A brief synopsis:  There’s this prince who is looking for a bride and he’s on the prowl.  Any woman up to snuff is a bona fide princess, and he’s not budging on that one.  He scours the countryside and finds no princesses.

Slightly bummed – because he wanted a real princess pretty badly – he comes home and sits in his castle as a rainstorm thunders outside.

Then, comes a knock on the door!  A woman, soaked to the skin and completely bedraggled, asks for a room for the night to wait out the storm.  She claims to be a real princess, but seeing her in such a disastrous state, the Prince’s maid scoffs.

“Real princess, my ass.  Sleep on this bed and let’s see how you fare,”  and she puts but one pea on the boxspring and piles twenty feather mattresses on top.

Next morning, the claimed-to-be princess doesn’t look much better for the night’s sleep.

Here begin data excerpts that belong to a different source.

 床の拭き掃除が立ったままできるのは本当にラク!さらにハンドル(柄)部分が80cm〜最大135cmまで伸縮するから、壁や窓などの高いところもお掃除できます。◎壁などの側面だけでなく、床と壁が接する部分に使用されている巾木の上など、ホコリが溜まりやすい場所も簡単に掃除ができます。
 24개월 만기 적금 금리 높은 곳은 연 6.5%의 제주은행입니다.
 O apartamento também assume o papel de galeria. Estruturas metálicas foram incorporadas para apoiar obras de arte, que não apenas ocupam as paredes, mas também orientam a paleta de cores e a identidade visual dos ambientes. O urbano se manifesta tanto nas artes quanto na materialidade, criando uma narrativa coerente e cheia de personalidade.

“What’s the matter?” asks the maid.

“No offense meant, but I didn’t sleep a wink last night.  I kept tossing and turning but couldn’t get comfortable!  There was something in the bed that was so hard it has bruised my whole body!”

Everyone gasps and clasps their hands and the Prince realizes he’s got the Real Thing here because only the skin of a princess would be so fair as to notice a pea under 20 mattresses.

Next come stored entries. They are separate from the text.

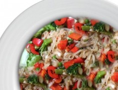 Na pánev si dáme lžičku kokosového oleje osmažíme cibulku a česnek, přidáme papriku, později na pánev přidáme již uvařené nudle spolu s brokolicí a mrkví a přidáme teriyaki omáčku smíchanou s trochou vody.
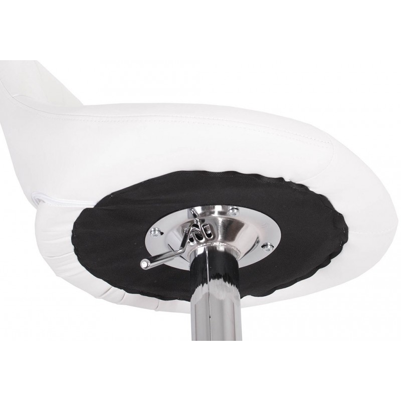 Noha stoličky je vyrobená z pochrómovanej ocele a má pohodlnú opierku na nohy na kruhovom podnoží. Chróm má zrkadlový efekt, ktorý pôsobí veľmi čisto a elegatný.
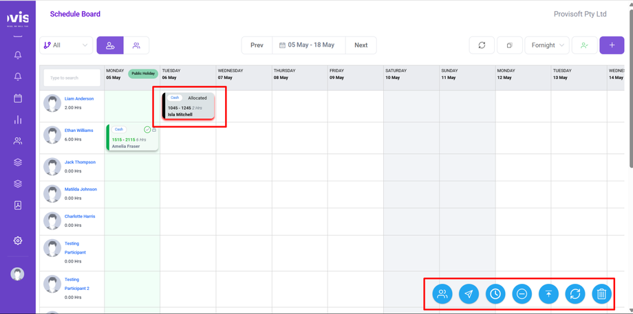 After allocating a shift to a worker, it need to be published so the worker are notified. To Publish a Shift, Single Click on the shift shows the set of action button are shown.
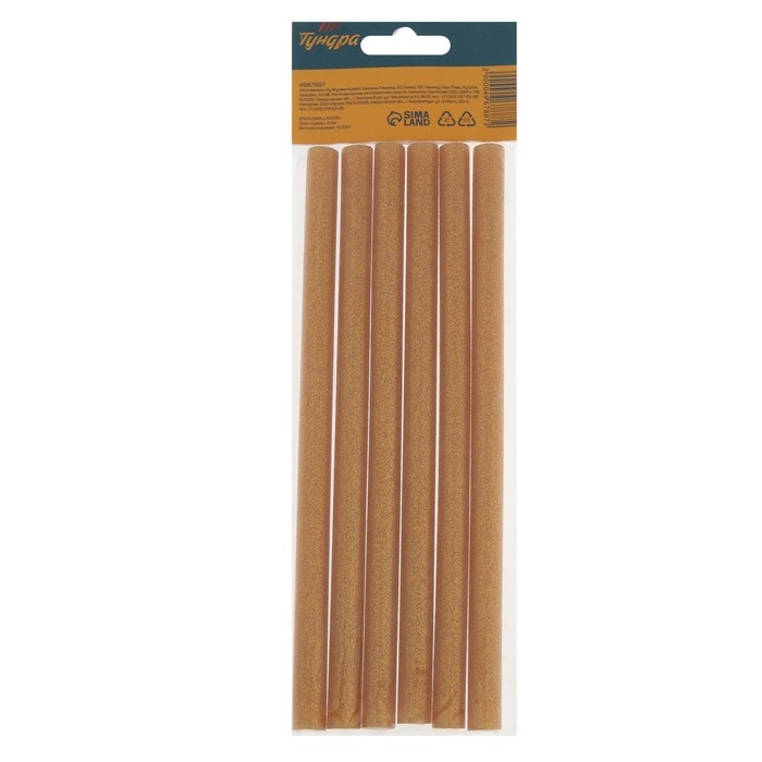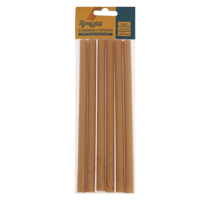 Клеевые стержни ТУНДРА, 11 х 200 мм, золотистые с блестками, 6 шт.
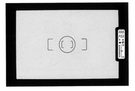 ファインダー内表示はTv(シャッター速度)値、Av(絞り)値、マニュアル露出時&露出補正時バーグラフ、露出補正マーク、フォーカス表示、ストロボ情報マーク、メモリーロックマーク、AFフレームとなっており、こちらもシンプルでわかりやすい表示です。
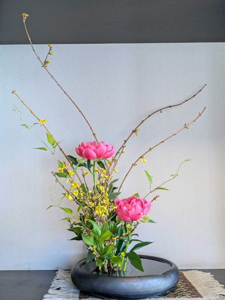 みにこさんのシャクヤク,レンギョウ,いけばなの投稿画像

So they get married.  And the pea is put on display in a museum.  And everyone lives happily every after.

Fast forward to last night:  Woke up in the middle of the night, so uncomfortable.  The skin on my back was tender to the touch.  Leaning up this morning, I reached around and felt my pump lying on the bedsheets, biting and burrowing into my back all night long.  It must have come loose from my shorts while I was sleeping.  There is already a blueish-yellow, baseball-sized sort of bruise.  The imprint of the tubing wrapped around my waist, the words “Medtronic Minimed” branded on my lower back.

Feeling much like the princess with fragile skin.  And a little whiney, to boot.

I can’t be the only one who has woken up with their pump wrapped around them like a boa constrictor.

And do boa constrictors have some sort of vendetta against princesses?